Ce Dieu qui, avant que son Fils l’eût sanctionné (par son exemple) et en eût fait un commandement suprême avait déjà mis dans le cœur humain ce précepte: Aimez-vous les uns les autres, (Jean 13, 34) et qui dans l’Évangile nous a fait voir comme à l’œil, que c’est sur le soin que nous prendrons de cultiver la paix et de l’entretenir avec nos semblables, de serrer les nœuds qui nous unissent, qu’est fondé notre bonheur ici-bas, aussi bien que notre éternelle félicité,

Comment ce Dieu ne détesterait-il pas celui qui est animé d’un esprit opposé au sien, qui trouble et bouleverse la société; qui, tel qu’un émissaire de son ennemi, cherche à armer les uns contre les autres, à détruire les uns par les autres, ceux qu’il voulait unir et rendre heureux par les liens de l’affection!


Ô vous donc qui semez la discorde! si vous êtes insensibles à l’idée des maux que vous causez et qui vous accableront vous-mêmes tôt ou tard, pourrez-vous les entendre sans effroi ces terribles paroles: DIEU DÉTESTE CELUI QUI SÈME LA DISCORDE?

Résisterez-vous à ce motif pressant?

Soutiendrez-vous la pensée d'être haïs de ce Dieu dont la protection et la faveur vous sont si indispensablement nécessaires?

Ah! si nous déplorons le sort d’un enfant qui est un objet d’indifférence et d’abandon pour les auteurs de ses jours, que serait-ce, Grand Dieu! que serait-ce d’être l'objet d’aversion pour toi!

pour toi, la source unique du bonheur et de la vie!

pour toi, le Père universel des créatures!

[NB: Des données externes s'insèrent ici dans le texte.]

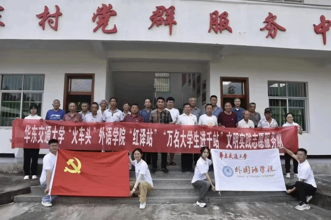 为深入学习贯彻习近平新时代中国特色社会主义思想,响应团中央暑期“三下乡”号召,7月1日至6日,华东交通大学外国语学院“红译站”社会实践队赴江西省抚州市金溪县,开展了一场融合红色传承、非遗体验与农耕实践的暑期大思政实践系列活动。实践队在团委副书记徐蒙蒙带领下,走访老党员感悟初心,体验农耕文化体会劳作艰辛,探秘当地非遗技艺,并走进红色遗址追寻历史足迹,在乡村热土上书写青春担当。

pour toi qui remplis l’univers, dont la présence nous environne, qui nous soutiens, qui ne peux retirer ton souffle sans que nous tombions en défaillance!

pour toi, dans le sein duquel est si doux de se jeter, lorsque les créatures nous échappent, et entre les mains de qui nous tomberons un jour nécessairement et d’une manière plus sensible, pour éprouver ta justice ou ta miséricorde!

Il n’est personne, je m’assure, qui ne sente la force, la vérité de ces considérations; et si ceux qui troublent la paix étaient toujours des esprits méchants, capables de se plaire dans la contemplation des maux qu’ils produisent; des âmes cruelles capables de se proposer cet horrible but, des cœurs endurcis qui bravent le châtiment que le Ciel leur prépare, ce crime serait moins commun, et d’ailleurs il serait inutile de s’adresser à de tels hommes; mais souvent et LE PLUS SOUVENT, CEUX QUI SÈMENT LA DISCORDE LE FONT PAR LÉGÈRETÉ, sans prévoir la conséquence de leur conduite, sans même se croire coupables; ils seraient les premiers peut-être à s’attendrir sur les maux qu’ils ont causés, si sous d’autres noms on leur en offrait le tableau.

Il est donc important de les éclairer, de les faire frémir, en leur montrant le terme des démarches qu’ils se permettent sans remords. Il faut leur dire:

C'est vous qui semez la discorde, et leur montrer comment ils la sèment; et voilà ce que je me; propose dans ce discours.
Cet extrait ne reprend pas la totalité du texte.